(Task objective)
Lines from the one with "Smart Deadbolt Lock" up to and including the one with "Farklı boyut ve" are to be copied exactly from the records below, without their pictures.

(Given entries)
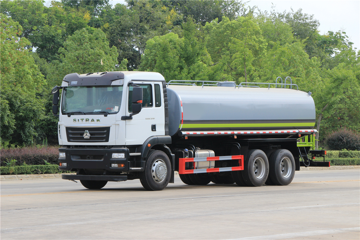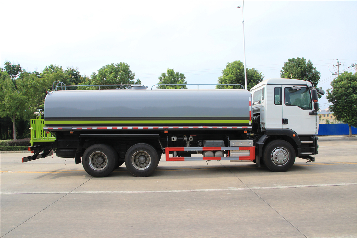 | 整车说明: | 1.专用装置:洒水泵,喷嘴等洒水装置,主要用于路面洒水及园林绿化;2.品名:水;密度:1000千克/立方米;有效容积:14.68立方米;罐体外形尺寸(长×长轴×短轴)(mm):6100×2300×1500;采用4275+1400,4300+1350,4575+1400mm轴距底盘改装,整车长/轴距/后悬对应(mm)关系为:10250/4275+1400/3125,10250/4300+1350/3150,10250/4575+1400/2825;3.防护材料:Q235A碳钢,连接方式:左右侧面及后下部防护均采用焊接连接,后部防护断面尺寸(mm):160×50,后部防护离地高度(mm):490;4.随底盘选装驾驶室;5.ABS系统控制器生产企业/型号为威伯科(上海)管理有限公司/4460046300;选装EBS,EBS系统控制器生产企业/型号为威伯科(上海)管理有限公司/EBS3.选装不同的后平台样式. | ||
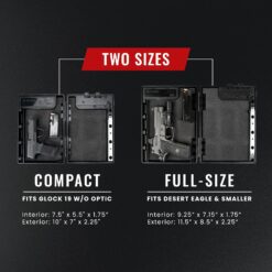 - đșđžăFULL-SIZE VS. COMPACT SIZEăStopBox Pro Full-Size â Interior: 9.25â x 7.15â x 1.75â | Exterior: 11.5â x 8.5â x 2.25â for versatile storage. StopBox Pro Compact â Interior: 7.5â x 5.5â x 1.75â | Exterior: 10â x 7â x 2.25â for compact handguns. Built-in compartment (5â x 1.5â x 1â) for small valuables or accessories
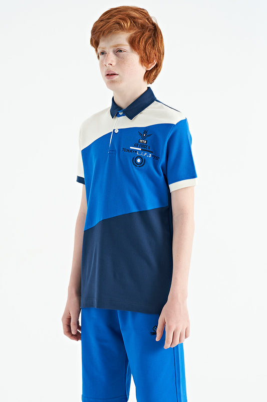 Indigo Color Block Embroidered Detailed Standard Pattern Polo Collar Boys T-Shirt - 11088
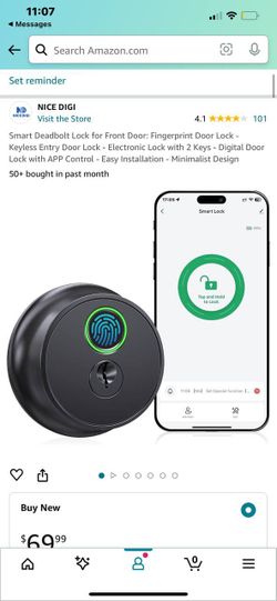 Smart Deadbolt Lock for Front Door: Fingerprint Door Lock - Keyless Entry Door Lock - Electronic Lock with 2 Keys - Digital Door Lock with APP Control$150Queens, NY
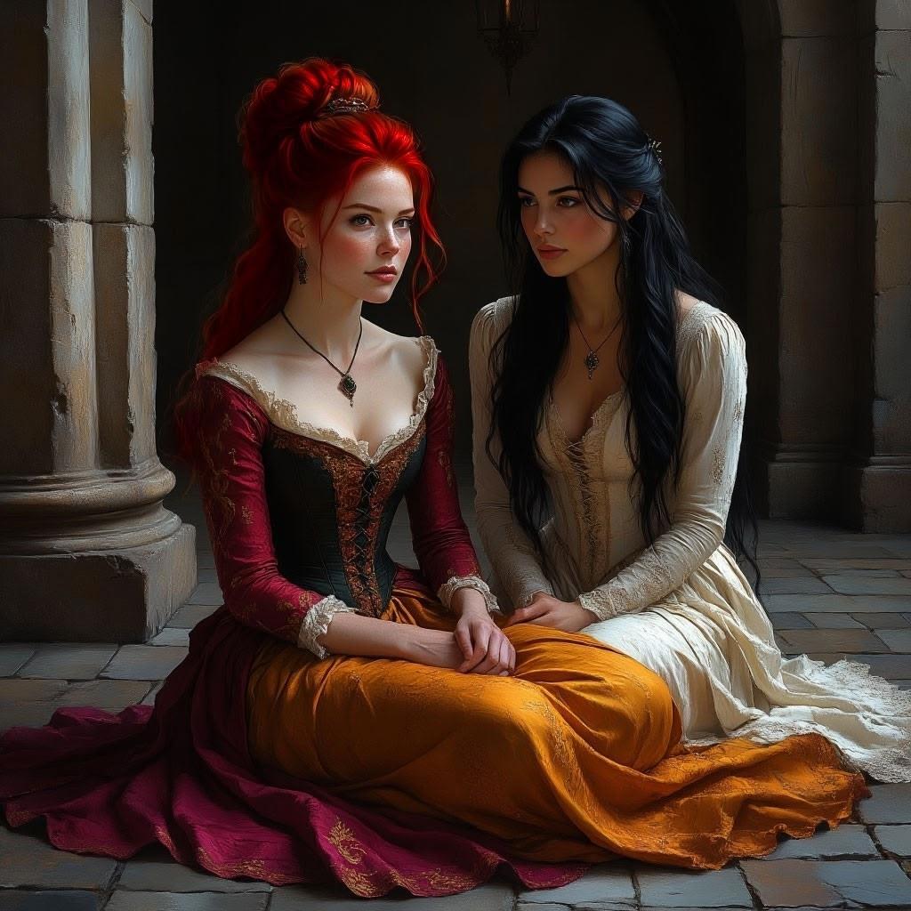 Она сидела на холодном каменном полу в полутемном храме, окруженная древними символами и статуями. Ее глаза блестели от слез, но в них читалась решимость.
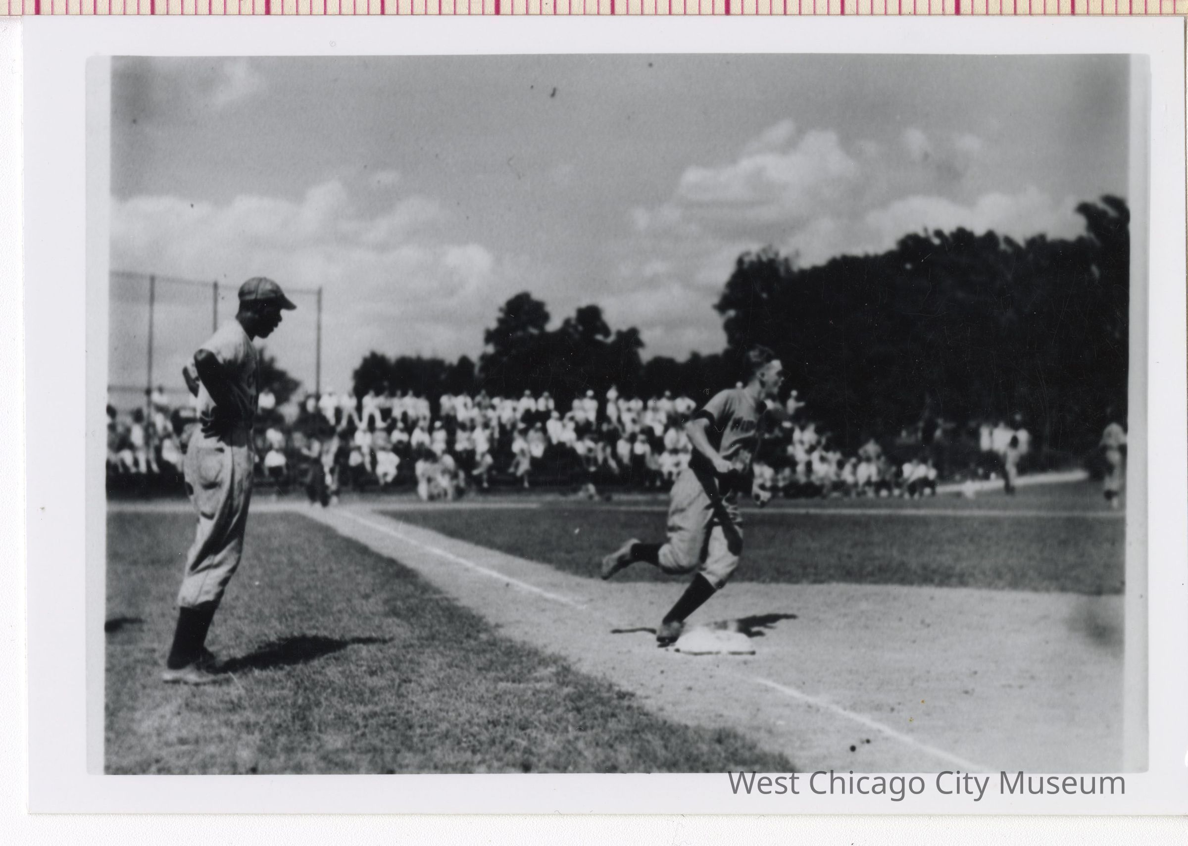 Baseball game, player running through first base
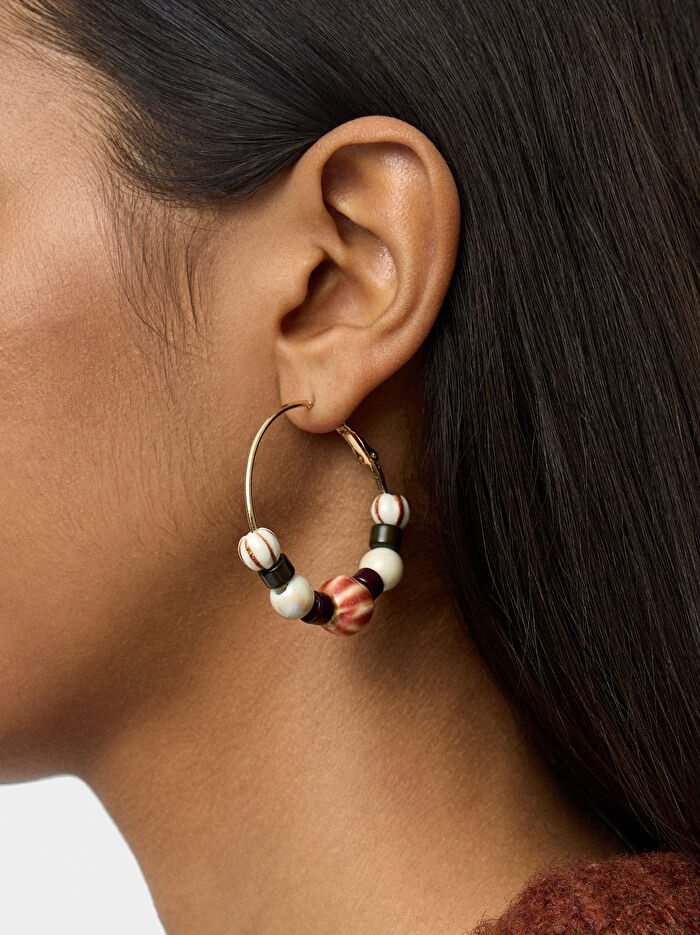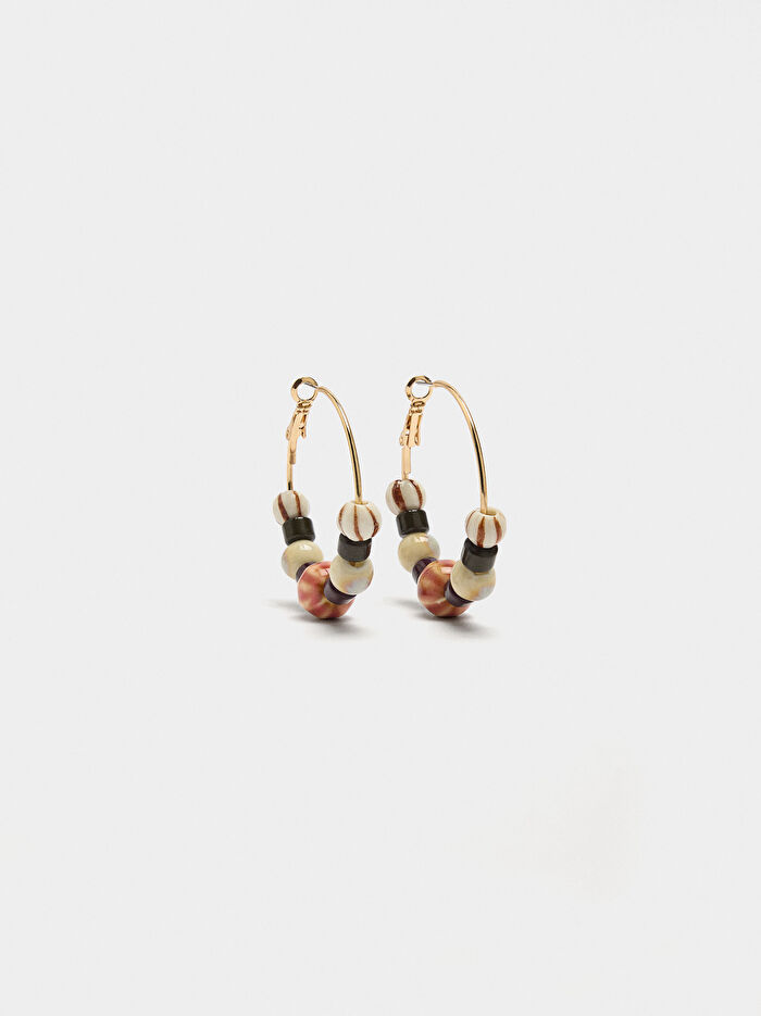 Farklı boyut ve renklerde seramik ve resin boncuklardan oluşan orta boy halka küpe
--
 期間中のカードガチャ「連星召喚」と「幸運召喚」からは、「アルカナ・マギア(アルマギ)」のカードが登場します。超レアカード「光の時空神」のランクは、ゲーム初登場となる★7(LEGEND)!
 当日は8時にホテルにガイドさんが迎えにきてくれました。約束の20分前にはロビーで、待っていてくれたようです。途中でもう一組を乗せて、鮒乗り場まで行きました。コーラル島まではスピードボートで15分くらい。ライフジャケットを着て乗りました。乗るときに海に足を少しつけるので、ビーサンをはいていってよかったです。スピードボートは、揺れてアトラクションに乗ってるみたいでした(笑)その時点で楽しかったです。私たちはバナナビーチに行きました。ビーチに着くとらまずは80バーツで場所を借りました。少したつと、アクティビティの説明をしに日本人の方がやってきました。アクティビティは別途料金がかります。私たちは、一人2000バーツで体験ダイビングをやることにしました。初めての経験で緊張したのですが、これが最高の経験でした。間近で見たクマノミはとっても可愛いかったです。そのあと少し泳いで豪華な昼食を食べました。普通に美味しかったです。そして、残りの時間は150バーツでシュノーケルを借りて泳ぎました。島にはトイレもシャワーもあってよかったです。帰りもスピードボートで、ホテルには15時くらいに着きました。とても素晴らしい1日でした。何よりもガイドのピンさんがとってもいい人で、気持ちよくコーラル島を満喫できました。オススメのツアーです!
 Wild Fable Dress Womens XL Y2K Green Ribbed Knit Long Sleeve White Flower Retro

(Output for this task)
 Smart Deadbolt Lock for Front Door: Fingerprint Door Lock - Keyless Entry Door Lock - Electronic Lock with 2 Keys - Digital Door Lock with APP Control$150Queens, NY
 Она сидела на холодном каменном полу в полутемном храме, окруженная древними символами и статуями. Ее глаза блестели от слез, но в них читалась решимость.
 Baseball game, player running through first base
 Farklı boyut ve renklerde seramik ve resin boncuklardan oluşan orta boy halka küpe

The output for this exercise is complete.